Using the Python library DEAP, you can easily perform simulations using the genetic algorithm (GA). At that time, the initial group may be fixed due to circumstances such as having some prior knowledge about the optimum solution and wanting to shorten the calculation time.
For example, when applying to machine learning feature selection such as this example, I want to start with the best model I have tried so far. Can be considered. If it is 100 to several hundred, it is not necessary to set the initial value, but there is a demand for humans who have mechanically created about 100,000 features without thinking ahead.
There is a guide in the Official Document for how to deal with such cases. There isn't much information on the web that I actually tested, so I'll list it here.
GA implementation that maximizes the total value of the array consisting of 0 or 1 as the evaluation function The optimal solution is an array of 1, and the maximum value of the evaluation function is the length of the array. http://deap.gel.ulaval.ca/doc/default/examples/ga_onemax.html http://deap.gel.ulaval.ca/doc/default/examples/ga_onemax_short.html
#Library import
import numpy as np
import random
from deap import algorithms
from deap import base
from deap import creator
from deap import tools
Total value of an array of 100 elements consisting of 0 or 1
def evalOneMax(individual):
return sum(individual), #Add a comma even if there is only one return value
Add FitnessMax and Individual methods to creator with create. The maximization of the evaluation function is evaluated by setting weights = (1.0,).
creator.create("FitnessMax", base.Fitness, weights=(1.0,)) #Add a comma even if there is only one argument
creator.create("Individual", list, fitness=creator.FitnessMax)
Add a method with the name of the first variable to the toolbox with resister.
toolbox.attr_bool
: random.randint(0,1)
toolbox.individual
: 01 random number using toolbox.attr_bool> Repeat 100 times with tools.initRepeat Create a list of 100 elements (= individual generation)
toolbox.polulation
: Repeat individual generation by toolbox.individual to create a population
del toolbox
toolbox = base.Toolbox()
# Attribute generator
toolbox.register("attr_bool", random.randint, 0.0, 1.0)
# Structure initializers
toolbox.register("individual", tools.initRepeat, creator.Individual,
toolbox.attr_bool, 100)
toolbox.register("population", tools.initRepeat, list, toolbox.individual)

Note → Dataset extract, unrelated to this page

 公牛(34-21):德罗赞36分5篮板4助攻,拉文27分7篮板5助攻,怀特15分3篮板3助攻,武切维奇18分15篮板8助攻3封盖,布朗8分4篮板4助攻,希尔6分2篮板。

Then the method required for GA execution by ʻalgorithms.eaMuPlusLambda Define
toolbox.evaluate (evaluation),
toolbox.mate(crossover),
toolbox.mutate (mutation),
toolbox.select(selection). You can write as below using
deap.tools`.
toolbox.register("evaluate", evalOneMax)
toolbox.register("mate", tools.cxTwoPoint)

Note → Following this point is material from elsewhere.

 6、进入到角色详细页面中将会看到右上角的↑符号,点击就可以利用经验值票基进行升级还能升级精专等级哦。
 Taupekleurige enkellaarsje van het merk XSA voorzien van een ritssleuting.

toolbox.register("mutate", tools.mutFlipBit, indpb=0.05)
toolbox.register("select", tools.selNSGA2)
pop: Initial population hof: Preservation of the best individual stats: Saving statistics for the evaluation function of the population
"""Genetic algorithm setting
Up to NGEN generation
1 generation population LAMBDA
Number of individuals to pass on to the next generation MU
Crossover probability CXPB
Mutation probability MUTPB
"""
random.seed(4)
NGEN = 10
MU = 50
LAMBDA = 100
CXPB = 0.7
MUTPB = 0.3
#Population creation
pop = toolbox.population(n=MU)
hof = tools.HallOfFame(1)
stats = tools.Statistics(lambda ind: ind.fitness.values)
stats.register("avg", np.mean, axis=0)
stats.register("std", np.std, axis=0)
stats.register("min", np.min, axis=0)
stats.register("max", np.max, axis=0)
pop, log = algorithms.eaMuPlusLambda(pop,
toolbox,
mu=MU,
lambda_=LAMBDA,
cxpb=CXPB,
mutpb=MUTPB,
ngen=NGEN,
stats=stats,
halloffame=hof)
gen nevals avg std min max
0 50 [50.32] [4.71355492] [41.] [63.]
1 100 [56.] [2.02977831] [53.] [63.]
2 100 [59.3] [2.3] [57.] [68.]
3 100 [62.56] [2.03135423] [60.] [69.]
4 100 [65.58] [1.96051014] [63.] [72.]
5 100 [68.46] [1.52590956] [66.] [73.]
6 100 [70.4] [1.34164079] [69.] [74.]
7 100 [72.36] [1.10923397] [71.] [76.]
8 100 [74.06] [1.06602064] [73.] [77.]
9 100 [75.38] [0.79724526] [74.] [77.]
10 100 [76.36] [0.62481997] [76.] [78.]
Since it started with a random number, the evaluation value of the initial individual is within 41 to 63. It has not converged in the 10th generation, but it is OK because the purpose is not to converge.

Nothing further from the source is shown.